Commentary: A Court Without Wasps
A 50-years-ago item in the Columbus newspaper noted that in May 1960 the Southern Baptist Convention adopted a resolution urging its members to oppose the nomination of a Catholic for U.S. President. At the time, John F. Kennedy was expected to be the Democratic nominee.
Kennedy later made his peace with leaders of the Baptist convention in a well-publicized speech in Dallas in which he assured them that his religion would not influence his decisions as president.
Kennedy, of course, went on to win the nomination and the presidency, but his popular vote margin over Republican Richard Nixon was less than one percent. There was obviously an anti-Catholic vote in the South, as there was a pro-Catholic vote in some northern states. Religion does make a difference.
In 1854, a national political party was formed for the express purpose of opposing Catholic immigration into the U.S. It was called the American Party (or Know-Nothings) and its candidate, former President Millard Fillmore, received 23 percent of the popular votes in the 1856 election.
It was not until 1836 that the first Catholic, Roger Taney, was named to the Supreme Court. Taney became chief justice and served until 1864. He had the dubious distinction of delivering the infamous Dred Scott decision in 1857, which declared that Congress had no right to forbid slavery in any U.S. territory, laying the certain path to civil war.
As recently as 1986, William Brennan was the only Catholic on the U.S. Supreme Court. The first Jewish justice was appointed in 1916 and the first woman in 1981.
Obviously, there wasn’t much diversity in the nine members of the most powerful body in the nation in its first 197 years. There still isn’t. If Elena Kagan is approved as the new justice, the court will have six Catholics, three Jewish members – and no Protestants. The last Protestant is the retiring John Paul Stevens, appointed by President Gerald Ford in 1975.
Oddly, no one is complaining. But if diversity has any real credence in the United States, can we really justify a Supreme Court of such thin diversity that not one of its members is from the religious background shared by 70 percent of the population?
Do a justice’s religious beliefs have no bearing on his or her outlook on the law and on the moral judgments that the court levies?
Catholics have been majority on the court since 2007, when President George W. Bush appointed John Roberts as chief justice and Sam Alito as an associate justice, replacing Protestants Sandra O’Connor and William Rehnquist. They joined Antonin Scalia and Anthony Kennedy, both appointed by President Ronald Reagan, and Clarence Thomas, appointed by George H.W. Bush.
With such a majority, you have to conclude that while the justices are Catholics, they may not be very strict Catholics. The crucial question related to Supreme Court decisions for more than 30 years has been whether abortion should be legal. That is an issue on which the Catholic Church has taken a firm position, even denying the sacraments to Catholic politicians who openly supported choice or legal abortion.

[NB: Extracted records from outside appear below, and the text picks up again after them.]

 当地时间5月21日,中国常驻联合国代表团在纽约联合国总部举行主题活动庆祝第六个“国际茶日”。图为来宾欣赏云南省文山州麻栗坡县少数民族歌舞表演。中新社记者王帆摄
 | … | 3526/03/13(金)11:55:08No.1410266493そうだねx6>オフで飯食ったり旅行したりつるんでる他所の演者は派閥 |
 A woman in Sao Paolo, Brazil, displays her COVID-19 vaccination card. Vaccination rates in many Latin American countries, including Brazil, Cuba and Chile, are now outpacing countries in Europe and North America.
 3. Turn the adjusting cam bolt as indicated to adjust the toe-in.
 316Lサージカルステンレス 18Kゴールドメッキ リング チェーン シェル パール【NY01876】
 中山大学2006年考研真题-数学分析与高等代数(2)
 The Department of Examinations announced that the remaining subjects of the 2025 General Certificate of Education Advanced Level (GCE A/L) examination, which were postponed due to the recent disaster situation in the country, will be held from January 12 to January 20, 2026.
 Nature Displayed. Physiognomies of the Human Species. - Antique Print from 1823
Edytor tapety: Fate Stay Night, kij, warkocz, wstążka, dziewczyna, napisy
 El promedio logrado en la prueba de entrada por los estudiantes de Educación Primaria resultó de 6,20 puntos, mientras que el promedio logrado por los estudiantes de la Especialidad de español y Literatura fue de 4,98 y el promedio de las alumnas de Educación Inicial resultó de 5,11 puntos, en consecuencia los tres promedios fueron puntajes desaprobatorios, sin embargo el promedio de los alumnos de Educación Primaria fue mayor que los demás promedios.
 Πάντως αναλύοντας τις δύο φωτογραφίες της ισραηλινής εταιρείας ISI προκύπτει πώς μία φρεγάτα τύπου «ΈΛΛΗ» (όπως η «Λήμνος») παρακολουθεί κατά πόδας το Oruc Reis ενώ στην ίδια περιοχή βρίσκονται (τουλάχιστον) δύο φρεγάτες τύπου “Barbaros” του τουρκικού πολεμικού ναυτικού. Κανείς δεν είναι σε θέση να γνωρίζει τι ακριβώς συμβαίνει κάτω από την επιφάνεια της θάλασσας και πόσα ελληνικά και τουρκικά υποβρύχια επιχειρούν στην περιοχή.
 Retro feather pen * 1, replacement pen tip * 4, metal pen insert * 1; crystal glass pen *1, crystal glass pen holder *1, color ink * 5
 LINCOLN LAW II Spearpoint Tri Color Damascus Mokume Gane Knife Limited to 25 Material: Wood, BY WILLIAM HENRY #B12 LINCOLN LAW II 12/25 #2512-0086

In a nation so deeply and angrily divided over many issues (including abortion), it would seem appropriate that there should be more diversity in background on the highest court, which set the rule on abortion in 1973.
But the Supreme Court of 2010 is not just lacking in diversity on religion. With Kagan, all nine members will be graduates of Harvard or Yale law schools. Four members were raised in a borough of New York City, the most untypical urban area in the U.S.

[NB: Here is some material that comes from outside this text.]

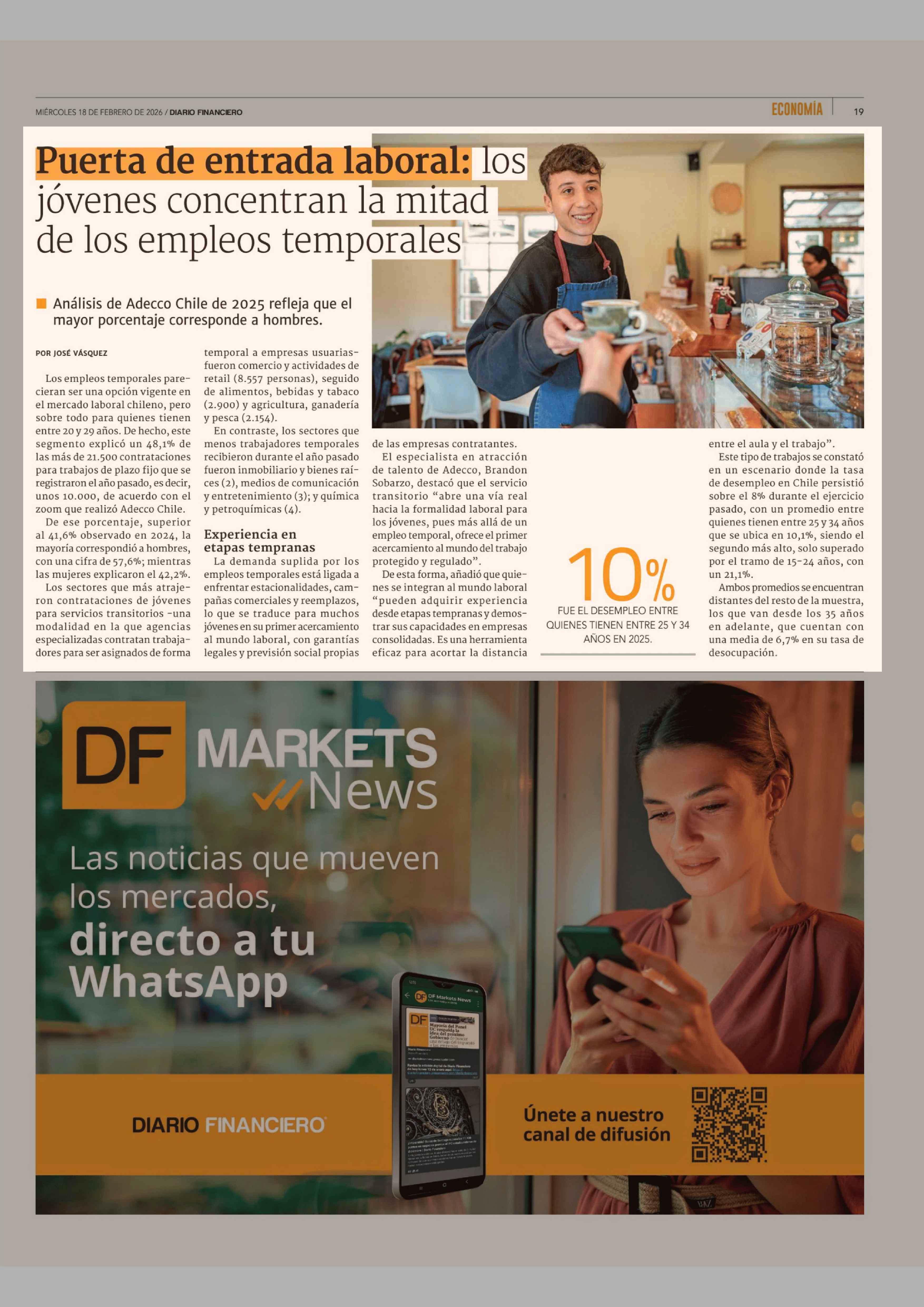 Puerta de entrada laboral: los jóvenes concentran la mitad de los empleos temporales 18-02-2026 Diario Financiero |

Of the 32 justices appointed since 1952, 15 graduated from Harvard or Yale, and six others are graduates of Columbia, Northwestern or Stanford. None are products of a state university education.
Is this the face of diversity? Does the court “look like America?” Is it any more diverse than it was a hundred years ago when the first Catholic since Taney was appointed?
Does it matter? Are a member’s religious background, heritage and education presumed to have no influence on how he or she will interpret the law? An abortion case is working its way through the court system, and eventually will reach the Supreme Court. Then we’ll find out.